→ **Records**
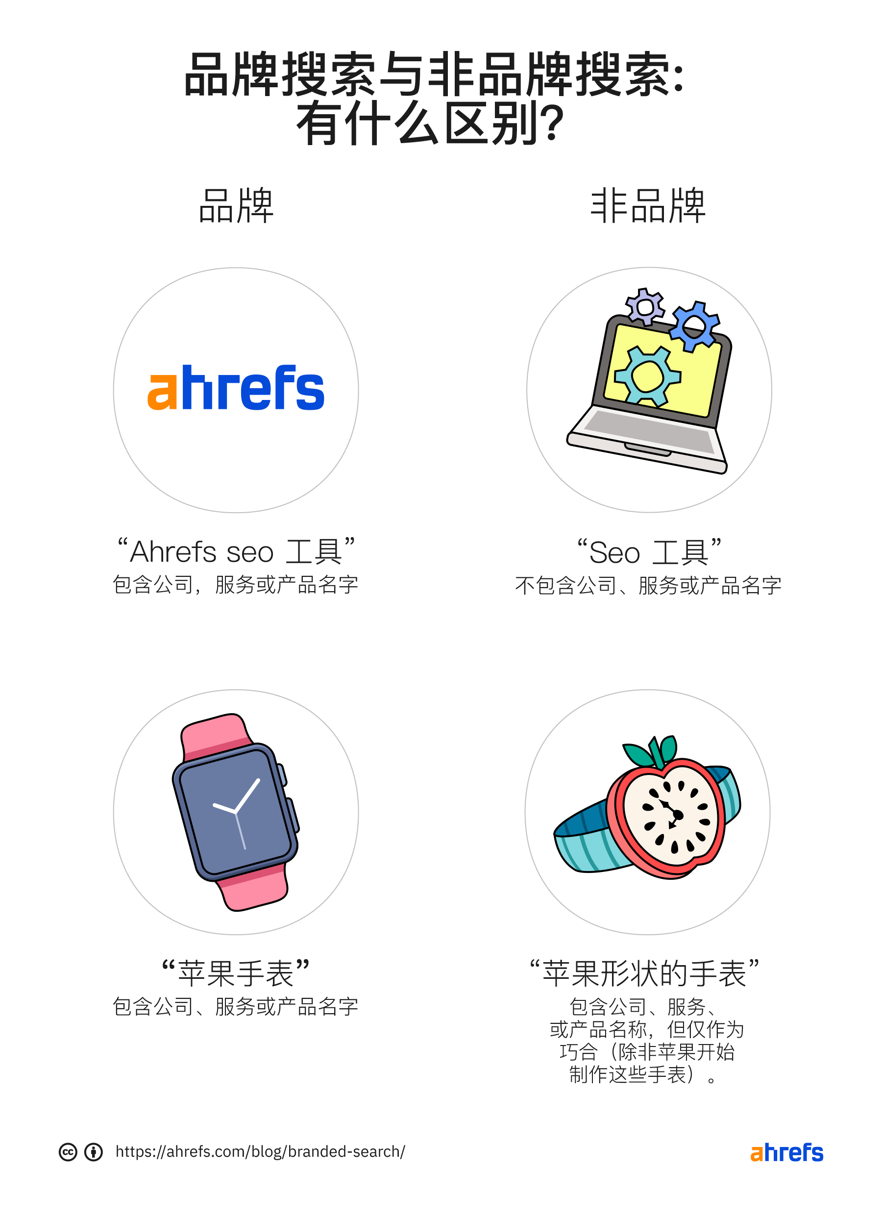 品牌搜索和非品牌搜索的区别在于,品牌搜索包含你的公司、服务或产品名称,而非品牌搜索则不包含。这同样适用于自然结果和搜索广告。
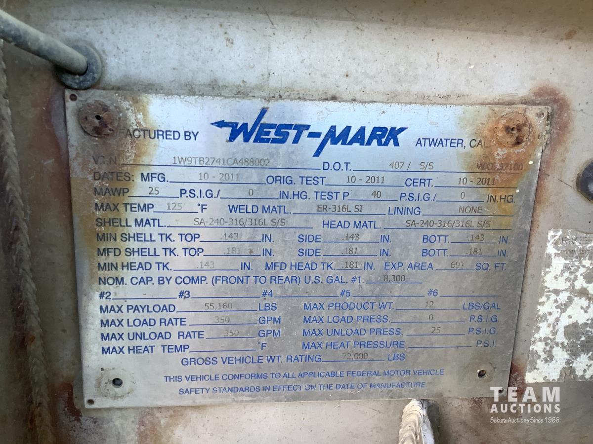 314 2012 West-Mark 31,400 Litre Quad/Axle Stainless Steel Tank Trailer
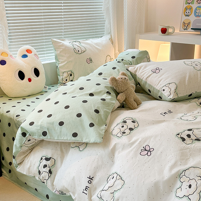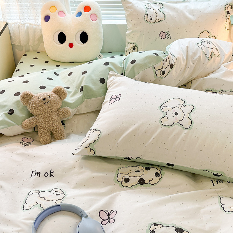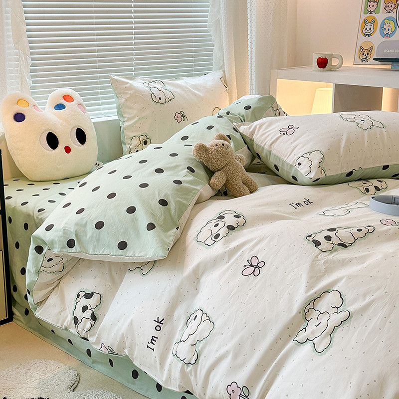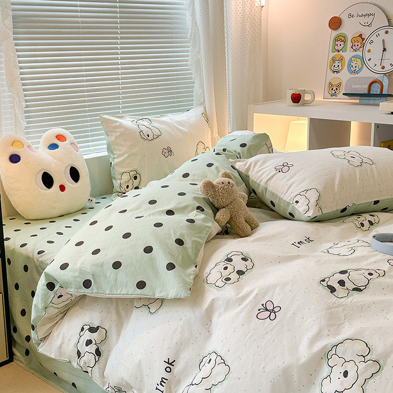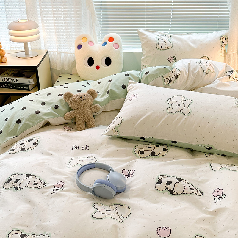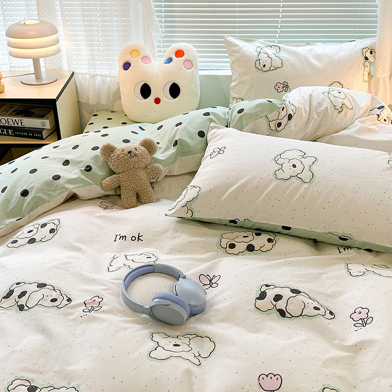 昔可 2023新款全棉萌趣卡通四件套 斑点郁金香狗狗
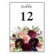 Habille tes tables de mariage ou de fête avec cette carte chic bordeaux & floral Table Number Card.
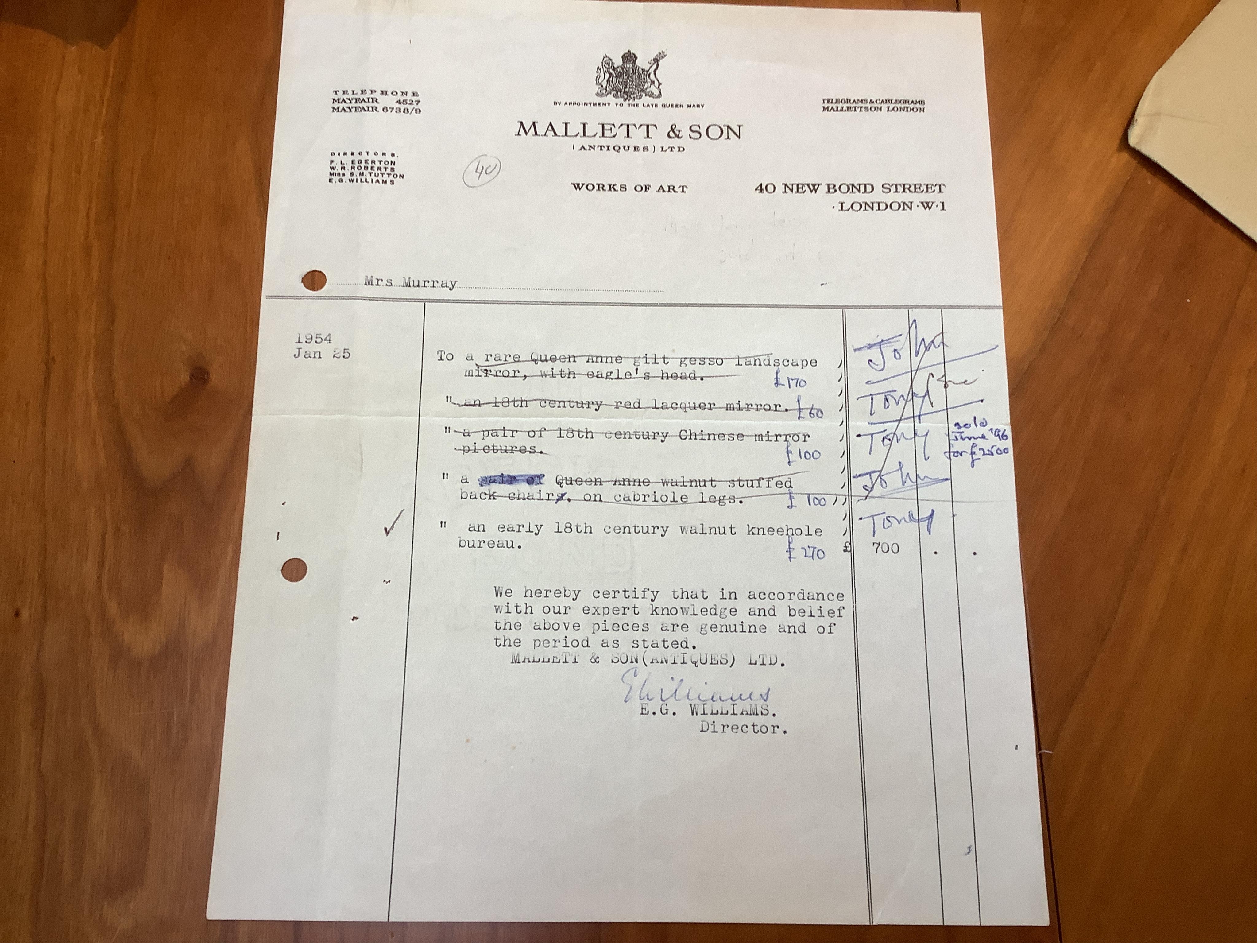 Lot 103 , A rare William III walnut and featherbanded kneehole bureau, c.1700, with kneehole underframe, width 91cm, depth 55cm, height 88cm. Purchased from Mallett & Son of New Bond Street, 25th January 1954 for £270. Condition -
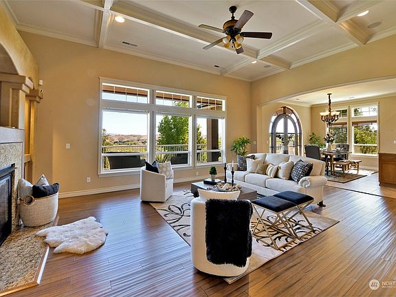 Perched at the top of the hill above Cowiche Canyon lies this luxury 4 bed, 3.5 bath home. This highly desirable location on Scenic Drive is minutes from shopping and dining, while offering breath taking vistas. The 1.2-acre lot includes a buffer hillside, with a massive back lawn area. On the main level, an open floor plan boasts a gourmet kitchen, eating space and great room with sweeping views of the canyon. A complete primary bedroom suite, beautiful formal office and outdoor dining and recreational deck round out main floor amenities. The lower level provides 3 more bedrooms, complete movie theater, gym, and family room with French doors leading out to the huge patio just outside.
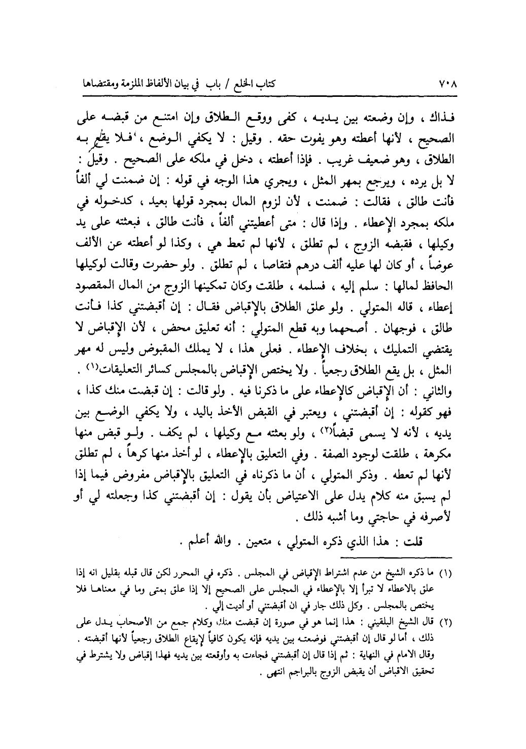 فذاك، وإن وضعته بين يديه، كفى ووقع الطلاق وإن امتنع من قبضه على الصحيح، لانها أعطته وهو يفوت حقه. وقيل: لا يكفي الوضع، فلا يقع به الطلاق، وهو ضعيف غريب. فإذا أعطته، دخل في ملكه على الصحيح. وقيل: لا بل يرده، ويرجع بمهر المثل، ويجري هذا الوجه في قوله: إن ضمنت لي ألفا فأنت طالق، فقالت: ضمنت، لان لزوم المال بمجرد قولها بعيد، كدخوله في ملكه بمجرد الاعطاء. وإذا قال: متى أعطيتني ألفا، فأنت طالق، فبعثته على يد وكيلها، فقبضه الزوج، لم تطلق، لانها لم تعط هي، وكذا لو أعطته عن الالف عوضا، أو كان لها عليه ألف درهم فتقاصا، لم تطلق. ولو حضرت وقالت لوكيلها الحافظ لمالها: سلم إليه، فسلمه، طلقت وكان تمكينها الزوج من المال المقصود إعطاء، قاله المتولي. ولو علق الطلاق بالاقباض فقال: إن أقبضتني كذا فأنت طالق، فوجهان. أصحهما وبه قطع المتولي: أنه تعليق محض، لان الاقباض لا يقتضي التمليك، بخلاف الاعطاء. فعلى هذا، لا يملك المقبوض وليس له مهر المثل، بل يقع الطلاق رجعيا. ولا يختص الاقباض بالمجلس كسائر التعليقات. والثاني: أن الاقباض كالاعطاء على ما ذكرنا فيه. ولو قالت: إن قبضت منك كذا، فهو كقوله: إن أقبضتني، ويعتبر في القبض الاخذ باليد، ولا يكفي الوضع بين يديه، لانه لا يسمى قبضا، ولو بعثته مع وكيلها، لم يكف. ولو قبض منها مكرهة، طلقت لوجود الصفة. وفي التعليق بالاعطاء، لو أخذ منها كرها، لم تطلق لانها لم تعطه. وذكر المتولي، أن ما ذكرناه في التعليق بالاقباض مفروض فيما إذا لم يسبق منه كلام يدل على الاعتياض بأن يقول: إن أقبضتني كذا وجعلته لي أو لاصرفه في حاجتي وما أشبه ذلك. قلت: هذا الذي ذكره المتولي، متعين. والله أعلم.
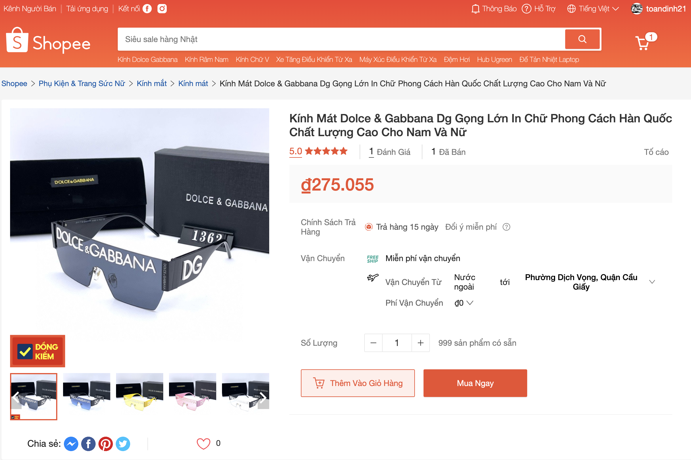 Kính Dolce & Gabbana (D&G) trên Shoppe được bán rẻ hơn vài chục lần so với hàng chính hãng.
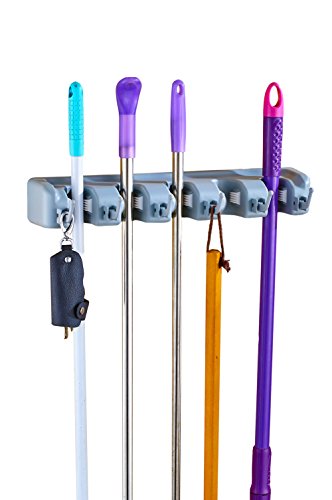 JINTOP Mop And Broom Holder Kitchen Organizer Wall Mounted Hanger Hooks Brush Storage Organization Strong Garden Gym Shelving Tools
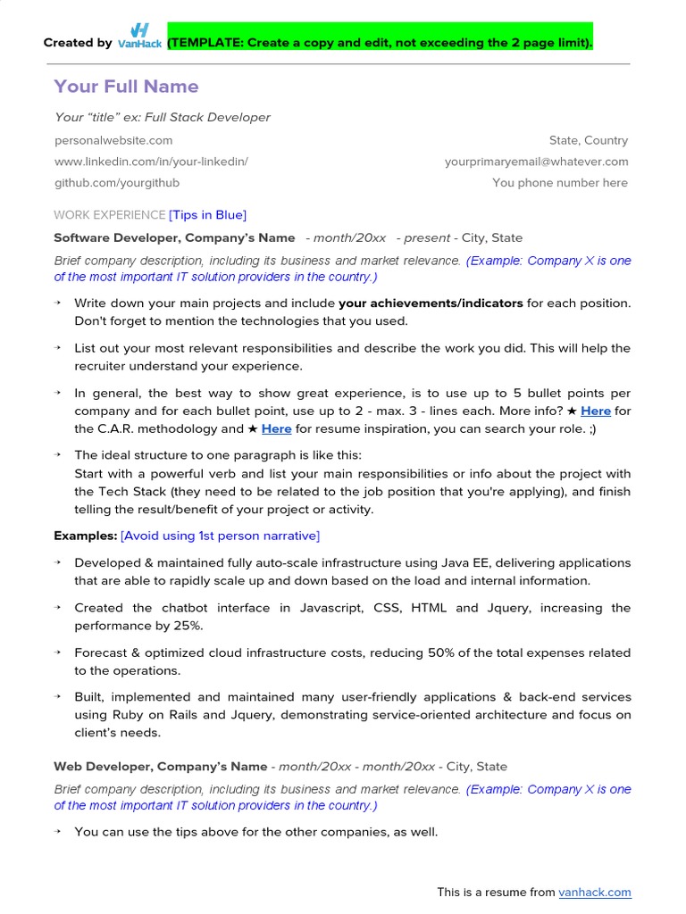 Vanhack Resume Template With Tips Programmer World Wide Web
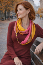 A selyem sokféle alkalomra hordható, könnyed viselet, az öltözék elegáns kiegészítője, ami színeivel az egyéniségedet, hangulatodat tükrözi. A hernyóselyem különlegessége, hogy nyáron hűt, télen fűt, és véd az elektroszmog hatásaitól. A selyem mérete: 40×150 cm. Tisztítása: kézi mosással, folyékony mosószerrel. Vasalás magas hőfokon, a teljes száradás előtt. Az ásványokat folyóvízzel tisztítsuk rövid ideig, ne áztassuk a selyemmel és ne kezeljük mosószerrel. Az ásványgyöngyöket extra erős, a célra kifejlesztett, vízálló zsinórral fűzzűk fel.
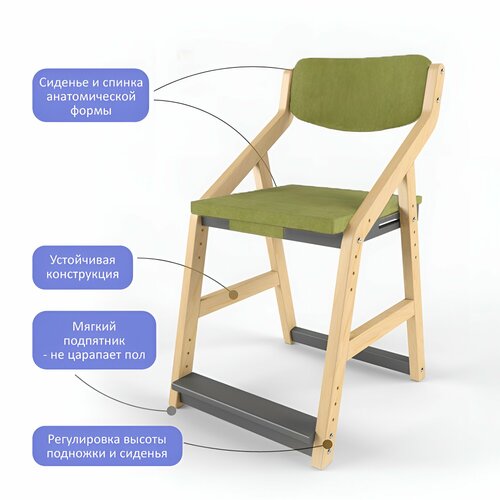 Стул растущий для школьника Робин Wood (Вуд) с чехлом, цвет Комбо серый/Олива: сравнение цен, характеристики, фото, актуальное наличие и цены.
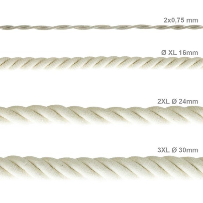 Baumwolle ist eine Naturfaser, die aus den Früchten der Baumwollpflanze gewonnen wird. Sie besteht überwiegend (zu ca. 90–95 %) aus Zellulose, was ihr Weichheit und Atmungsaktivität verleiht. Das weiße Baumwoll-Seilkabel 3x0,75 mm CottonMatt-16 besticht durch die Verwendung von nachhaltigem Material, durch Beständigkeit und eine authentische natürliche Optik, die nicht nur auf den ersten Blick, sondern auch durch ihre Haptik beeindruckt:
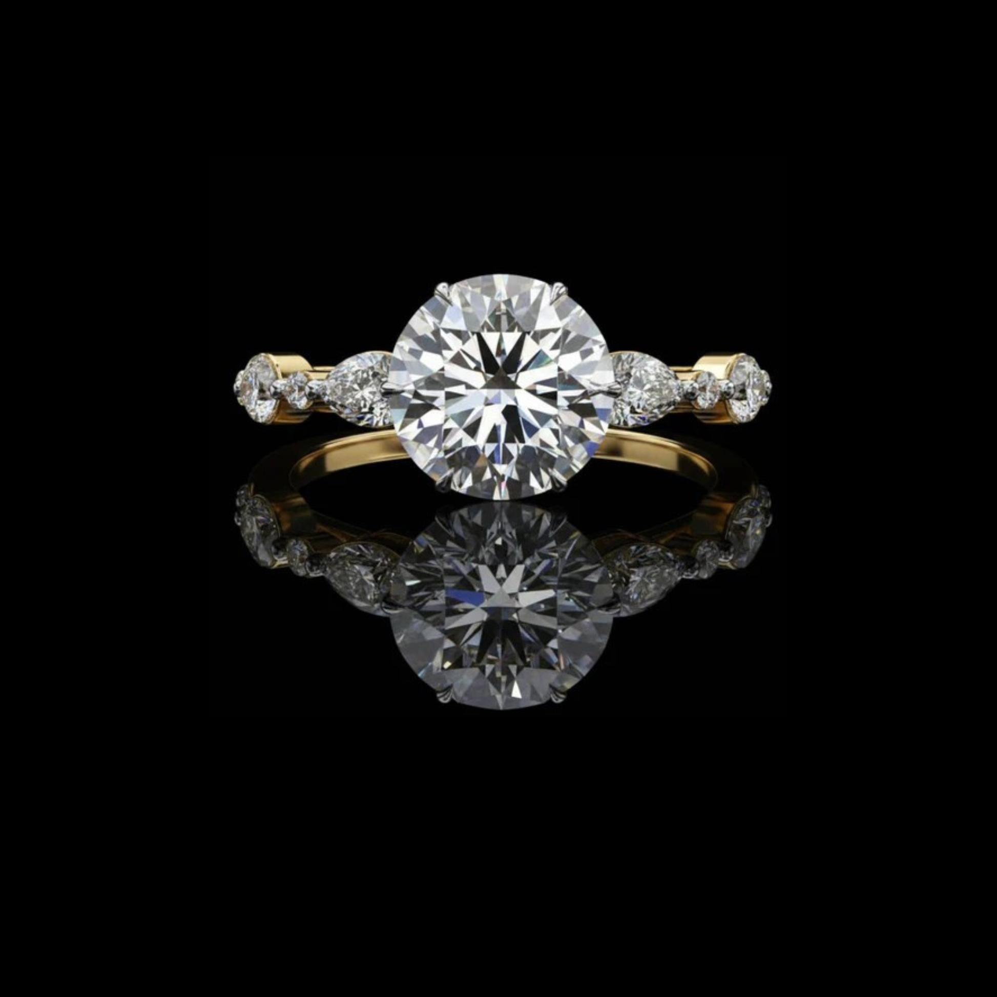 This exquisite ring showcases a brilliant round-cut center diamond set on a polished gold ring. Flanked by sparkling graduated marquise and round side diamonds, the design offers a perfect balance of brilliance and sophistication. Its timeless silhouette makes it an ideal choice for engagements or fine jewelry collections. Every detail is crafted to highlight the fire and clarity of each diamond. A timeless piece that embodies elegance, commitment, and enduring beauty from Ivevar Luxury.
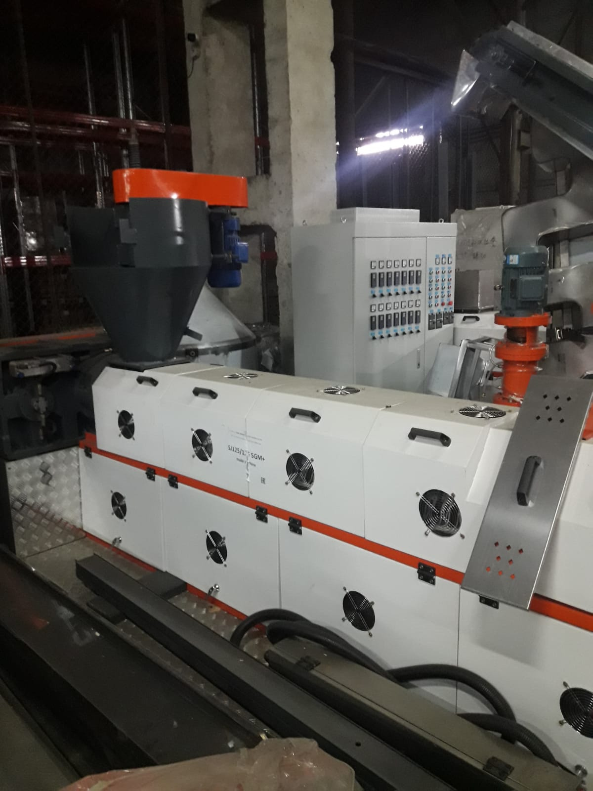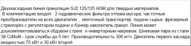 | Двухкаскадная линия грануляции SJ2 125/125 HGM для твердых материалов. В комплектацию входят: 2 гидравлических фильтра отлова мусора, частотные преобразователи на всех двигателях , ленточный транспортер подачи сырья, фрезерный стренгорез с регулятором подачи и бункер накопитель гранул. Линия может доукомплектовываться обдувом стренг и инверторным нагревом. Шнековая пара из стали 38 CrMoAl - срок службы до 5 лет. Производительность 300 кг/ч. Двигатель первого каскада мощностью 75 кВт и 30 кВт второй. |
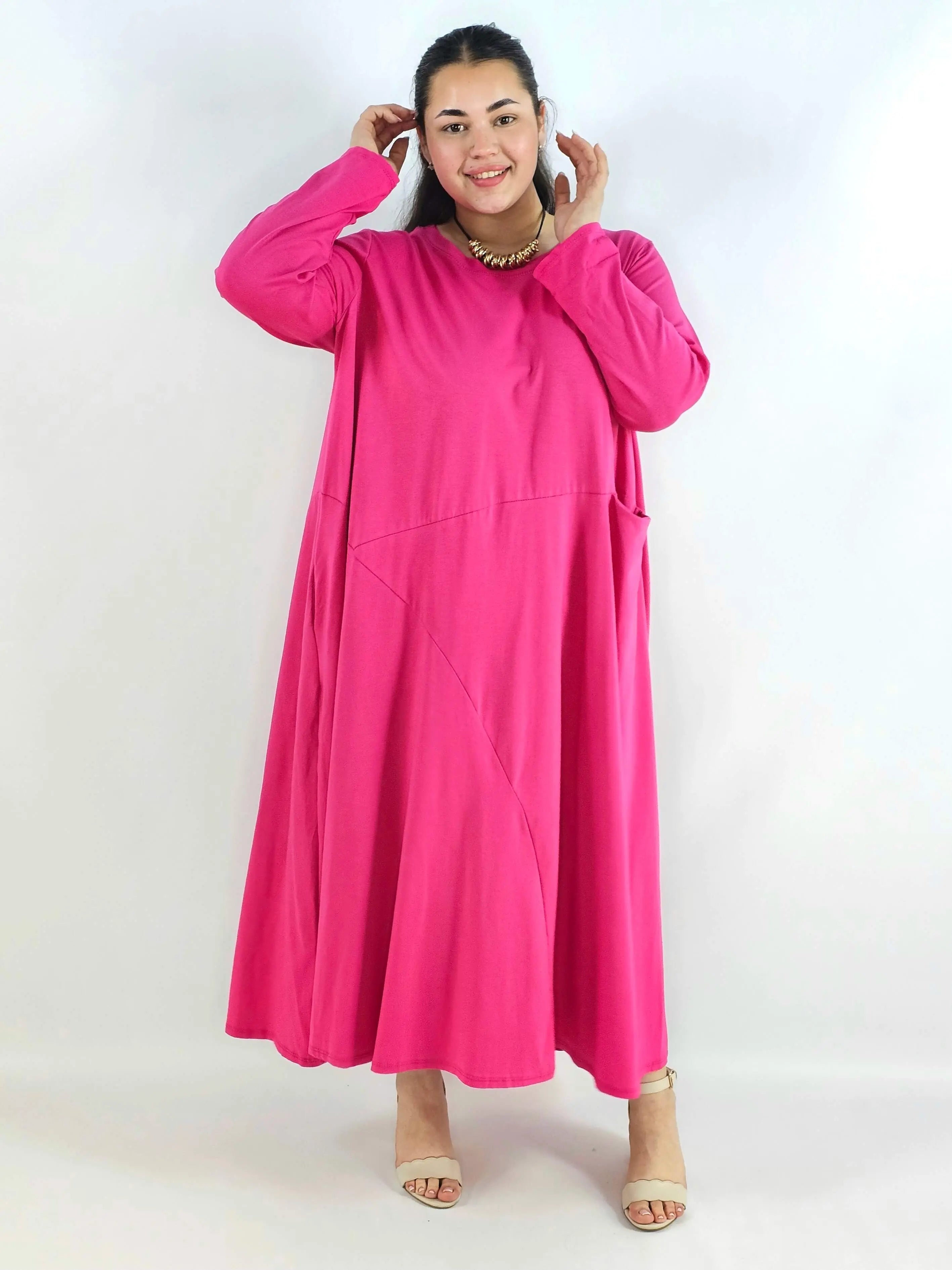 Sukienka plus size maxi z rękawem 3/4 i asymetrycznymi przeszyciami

→ **Exercise description**
Pictures excluded, repeat the records exactly from their opening line through the line containing "Lot 103 , A".

→ **Solution to the exercise**
 品牌搜索和非品牌搜索的区别在于,品牌搜索包含你的公司、服务或产品名称,而非品牌搜索则不包含。这同样适用于自然结果和搜索广告。
 314 2012 West-Mark 31,400 Litre Quad/Axle Stainless Steel Tank Trailer
 昔可 2023新款全棉萌趣卡通四件套 斑点郁金香狗狗
 Habille tes tables de mariage ou de fête avec cette carte chic bordeaux & floral Table Number Card.
 Lot 103 , A rare William III walnut and featherbanded kneehole bureau, c.1700, with kneehole underframe, width 91cm, depth 55cm, height 88cm. Purchased from Mallett & Son of New Bond Street, 25th January 1954 for £270. Condition -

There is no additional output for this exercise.